Selpin was subsequently employed by the European subsidiary of the Fox Film Corporation, where he held several positions, including - in 1927 - that of director's assistant to Walther Ruttmann on the set of Berlin: Sinfonie einer Großstadt.

After several positions as editor, Selpin received an assignment as director for the comedy film Chauffeur Antoinette, released in 1931 by Excelsior Films. In the following two years, Selpin ran into conflict with the Nazi Party for his sympathetic portrayals of the British in his films.

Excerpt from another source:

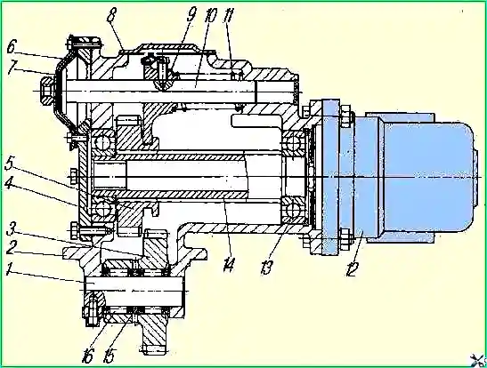 Коробка отбора мощности с насосом: 1 - ось ведущей шестерни; 2 - картер; 3 - шестерня ведущая; 4 - крышка картера; 5 - шестерня ведомого вала; 6 - диафрагма камеры включения; 7 - крышка камеры включения; 8 - крышка; 9 - вилка; 10 - шток вилки включения; 11 - пружина; 12 - насос; 13 - шарикоподшипники; 14 - вал ведомый; 15 - кольцо распорное подшипников
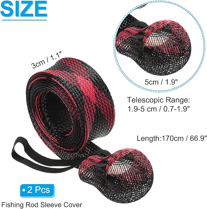 サイズ:170x3 cm/66.9x1.1"(長さ 幅);伸縮範囲:1.9-5 cm/0.7-1.9";パッキングリスト:2個 x 釣りロッドスリーブカバー

From 1933 onwards, he made propaganda films for the UFA studios, which was by then under the control of Propaganda Minister Joseph Goebbels. After several propaganda films that were not well received (Schwarzhemden in 1933, Die Reiter von Deutsch-Ostafrika in 1934, and Alarm in Peking in 1937), Selpin was successful in 1941 with Carl Peters, an anti-British film. This was followed by another propaganda film Geheimakte W.B.1 in 1941–42.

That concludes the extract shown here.